Friday, September 20, 2013




Sugar is 'the most dangerous drug of our time' and should come with smoking-style health warnings, says Dutch health chief

This is just an attention-seeking bureaucrat making baseless assertions.  If he was any sort of serious thinker he would address the question of distinguishing between people liking something and being addicted to it

Sugary foods and drinks should come with a smoking-style health warning, according to a leading Dutch health expert.

Paul van der Velpen, head of Amsterdam's health service, said that sugar is ‘the most dangerous drug of our time’.

The health chief - from a city that has a famously liberal attitude to cannabis - added that sugar is a drug like alcohol and tobacco and that its use should be discouraged.

Writing on a public health website, he said that users should be made aware of the dangers.

He wrote: ‘This may seem exaggerated and far-fetched, but sugar is the most dangerous drug of this time and is easy to obtain.’

He added: ‘Just as with smoking labels, soft drinks and sweet products should come with the warning that sugar is addictive and bad for the health.’

Mr Van der Velpen wrote that more and more people are becoming overweight and that this is increasing healthcare costs at a time when many governments are trying to save money.

He added that obesity could be tackled by encouraging people to take more exercise, but that changing people’s diets would be more effective.

He cites research which suggests that when people are eating fats and proteins they stop when they are full, but that when they are eating sugars they will keep eating until their stomachs hurt.

He believes this is because sugar is addictive and is ‘as hard to give up as smoking’.

As a result, he says sugar should be taxed in the same way alcohol and cigarettes are.

He also suggests that the amount of sugar that can be added to processed food should be regulated.

SOURCE






How a salt jab could be more effective for lower back pain than steroids

An interesting possibility

A saline injection in the spine could be more effective than steroids for treating lower back pain, a new study has revealed.

Spinal pain is a leading cause of disability in the industrialised world and epidural steroid injections - the most common nonsurgical treatment - have been the standard treatment for more than 50 years.
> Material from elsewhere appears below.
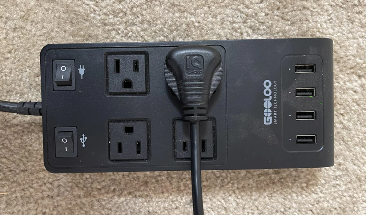 3. Сетевой фильтр, в котором одновременно можно использовать только две угловые вилки.
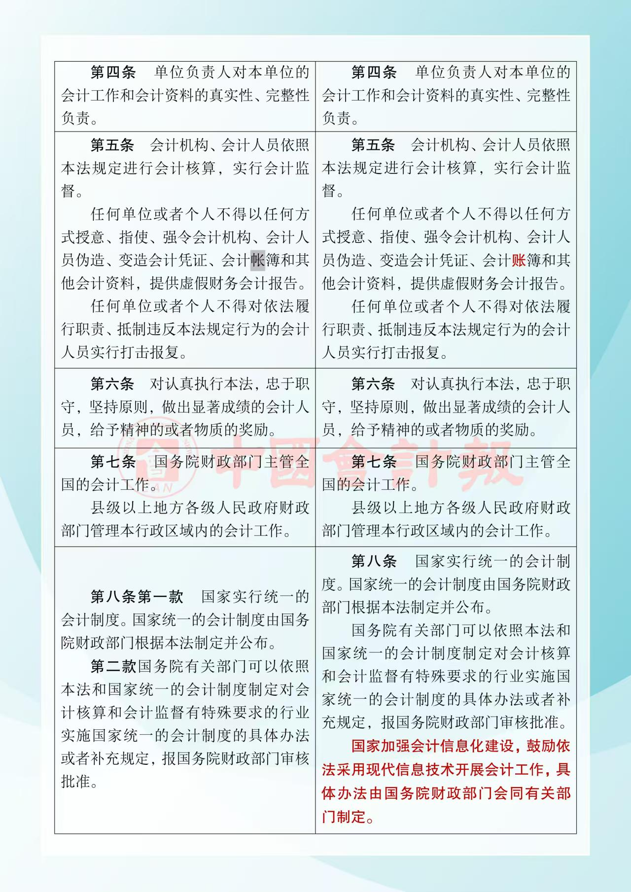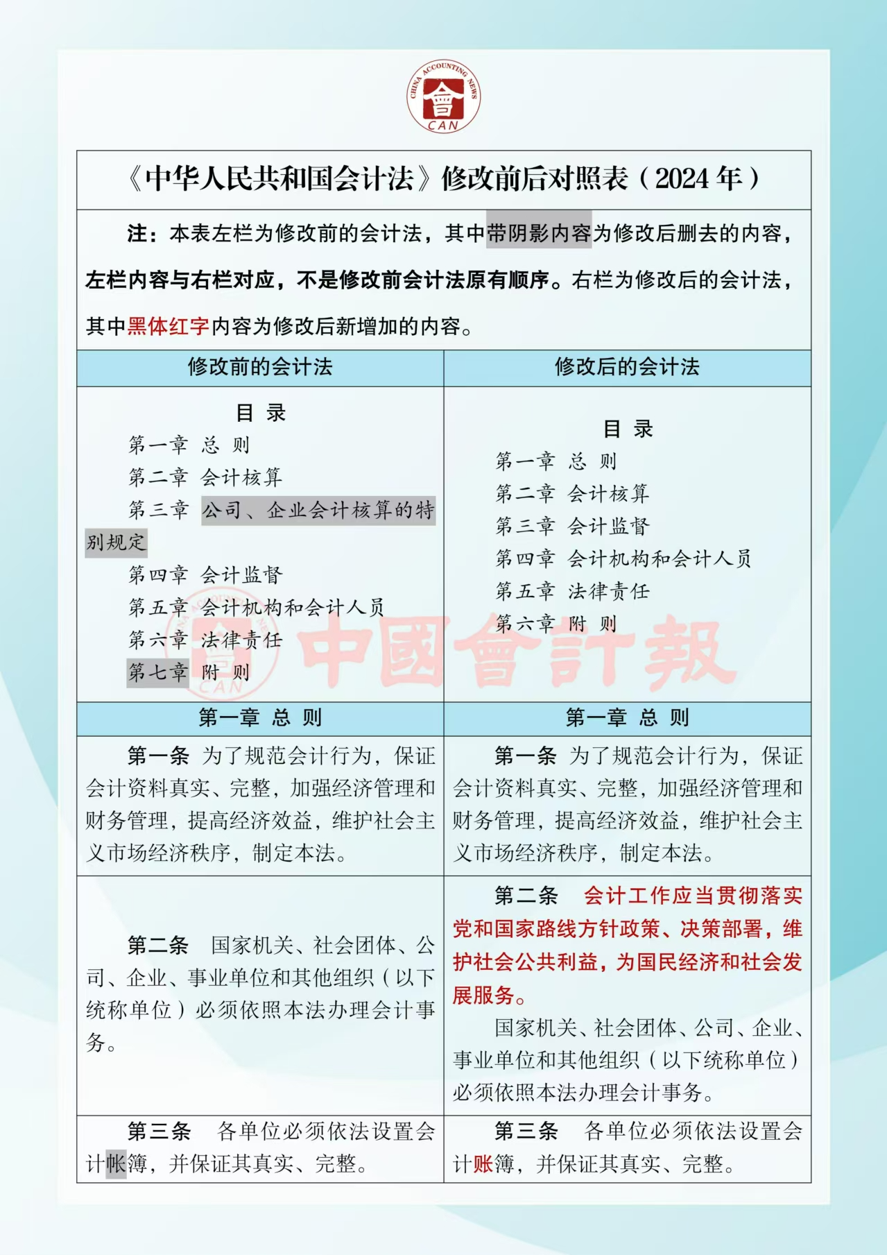 《中華人民共和國(guó)會(huì)計(jì)法》修改前后對(duì)照表(2024年)

Yet the alternative spinal injection in the space around the spinal cord may provide better relief than steroids which can have adverse side effects.

Steroids raise blood sugar in diabetic back patients, slow the healing of wounds and accelerate bone disease in older women, the Johns Hopkins University study found.

Professor of Anaesthesiology Steven Cohen at the U.S. university said: ‘Just injecting liquid into the epidural space appears to work.  ‘This shows us that most of the relief may not be from the steroid, which everyone worries about.’

The research was prompted when more than 740 people in 20 U.S. states became ill with fungal meningitis and 55 people died after getting epidural injections of contaminated steroids last year.

Although better oversight might reduce that risk, patients can only get a limited number of steroid injections each year, even if their pain returns.

Professor Cohen said it was too soon to recommend that patients stop receiving epidural steroids, but added that their analysis also suggests that smaller steroid doses can be just as beneficial.

Fellow researcher Dr Mark Bicket said larger scale studies were needed to determine whether steroid alternatives can be just as helpful for back pain patients.

He said: ‘Our evidence does support the notion that, for now, reducing the amount of steroids for patients at risk may be advisable.’

The review covered medical records of 3,641 patients from 43 studies conducted in October 2012 and compared epidural steroid injections to other sorts of epidural and intramuscular injections.

Professor Cohen said the new analysis suggested that decades of mixed results of research on epidural steroid injections may have been due to the use of saline or anaesthetic injections as the comparison ‘placebo’ treatment.

He said: ‘It’s likely that those studies were actually comparing two treatments, rather than placebo versus treatment. Researchers may be wasting millions of dollars and precious time on such studies.’

The findings are published in the latest edition of the journal Anaesthesiology.